■ **Aim of the task**: Report every line of the records that includes the word "bharat".

■ **Records to process**:
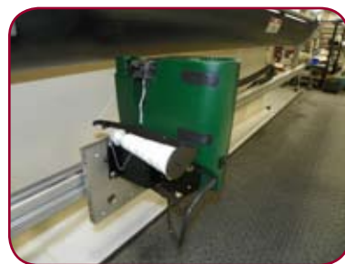
Sturdy new bag closer rail system. Splice materials quickly and efficiently.
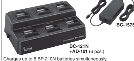
BC-121N +AD-101 (6 pcs.) Charges up to 6 BP-210N batteries simultaneously.

*1 BC-145SA for 120V AC. SE for 230V AC. SV for 240V AC. *2 BC-167SA for 120V AC. SD for 230V AC. SV for 240V AC.
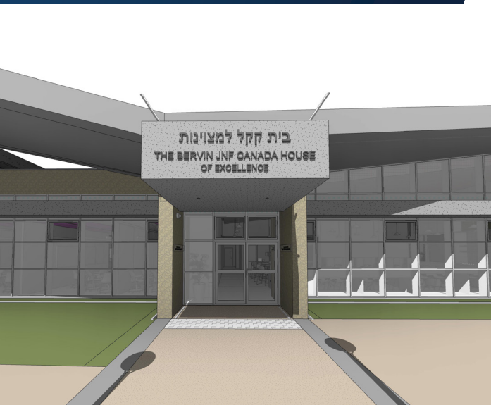
THE BERVIN JNF CANADA HOUSE OF EXCELLENCE
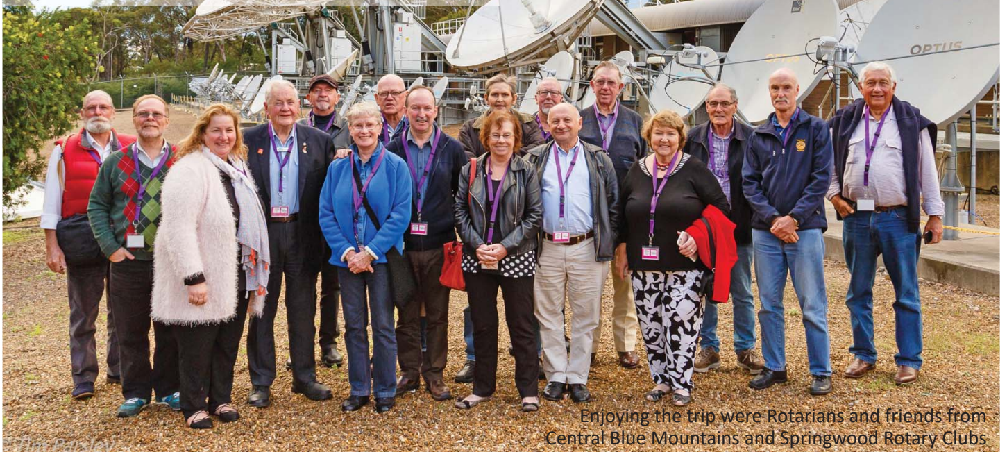
Enjoying the trip were Rotarians and friends from Central Blue Mountains and Springwood Rotary Clubs
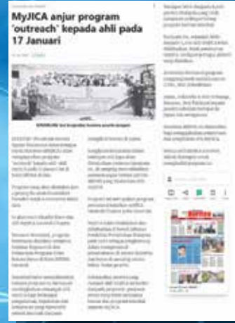
UTUSAN BORNEO (SABAH) 16 JAN 2020
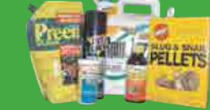
Lawn & Garden Products No professional grade
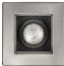
LCI37SL Adjustable gimbal brushed nickel trim w/brushed nickel cone 4-5/8" sq. (117 mm) Housing Lamp Wattage CMH4GX GX10 20W GX10 39W

Philips Capri reserves the right to make changes without notice.©2009
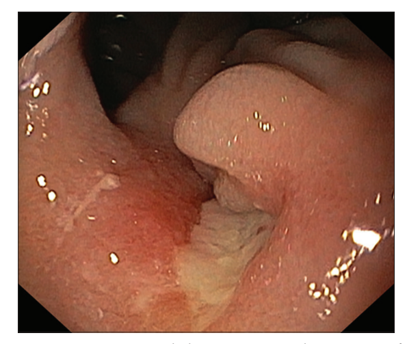
Figure 5 Recurrent marginal ulcer at gastrojejunal anastomosis after fibrin healing
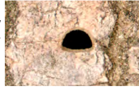
D-Shaped Emergence Hole
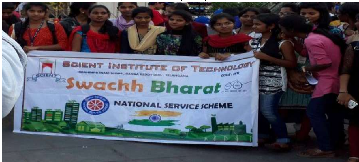
Fig 1 : Students at Swachh bharat

The NSS Cell – SNTI organized “Swachh bharat” on 07-02-2017 around campus. The mission was started with the Swachta Pledge. The main motto of this program is to eliminate open defecation and improve sanitation and solid waste management. Our NSS Coordinator coordinated with the students. About 70 students participated in the event.
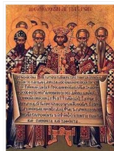
Icon depicting the Holy Fathers of the First Council of Nicaea holding the Nicene Creed.
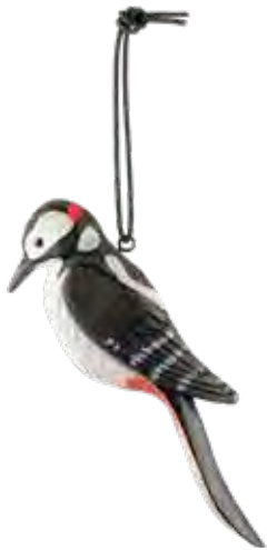
WOODPECKER WG4997 L: 75 W: 41 H: 228 mm

Let these decorative nature-inspired shoehorns adorn the hallway. The hand-carved woodpecker, merlin, and northern cardinal have elongated tailfeathers that form a practical shoehorn. If you prefer a longer shoehorn, there is also a stylish owl made of lacquered steel. Use the leather strip to hang the shoehorns.
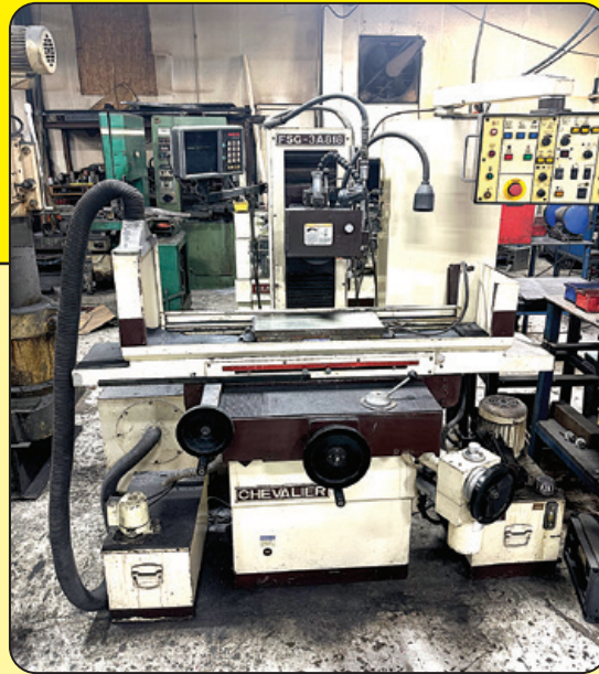
Chevalier Model FSG-3A818 Automatic Surface Grinder
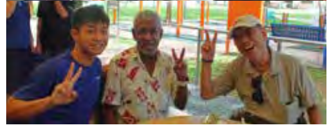
A team of volunteers from Enterprise Risk services spent their time with the elderly at Tung Ling Community Services Centre at Dakota Crescent as part of their celebrations. The ERS team decided to forgo the yearly gift exchange and donate the money to the centre. A total of $2,260 was raised, and 2 foot massagers were donated and 35 goodie bags filled with daily provisions were packed for the elderly.
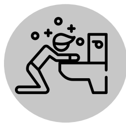
Nausea and Vomiting
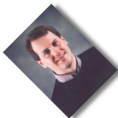
Figure 2—Image of the author scaled by 0.5 and rotated by 45°.
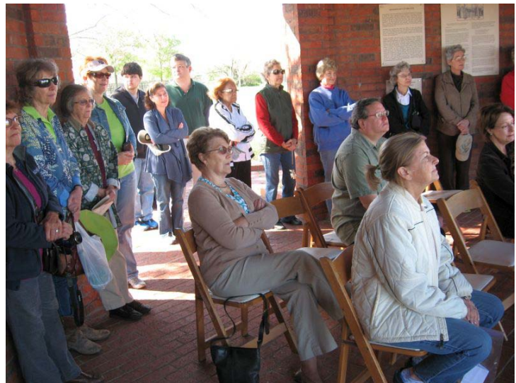
Members and guests enjoying the program
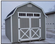
Above the door
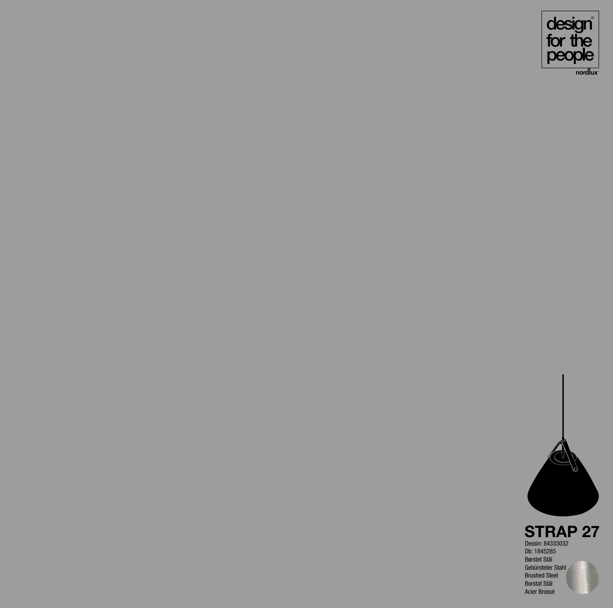
STRAP 27 Design: 84333032 Dk: 1843285 Brushed Steel Geflexstæbe: Stahl Borstet Stål Acier Brossé
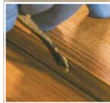
Epoxy for the holes. A two-part epoxy filler mixed with dry pigment creates a tinted filler that's easy to pack into nail holes or blemishes.

■ **Solution for this problem**:
Fig 1 : Students at Swachh bharat
The NSS Cell – SNTI organized “Swachh bharat” on 07-02-2017 around campus. The mission was started with the Swachta Pledge. The main motto of this program is to eliminate open defecation and improve sanitation and solid waste management. Our NSS Coordinator coordinated with the students. About 70 students participated in the event.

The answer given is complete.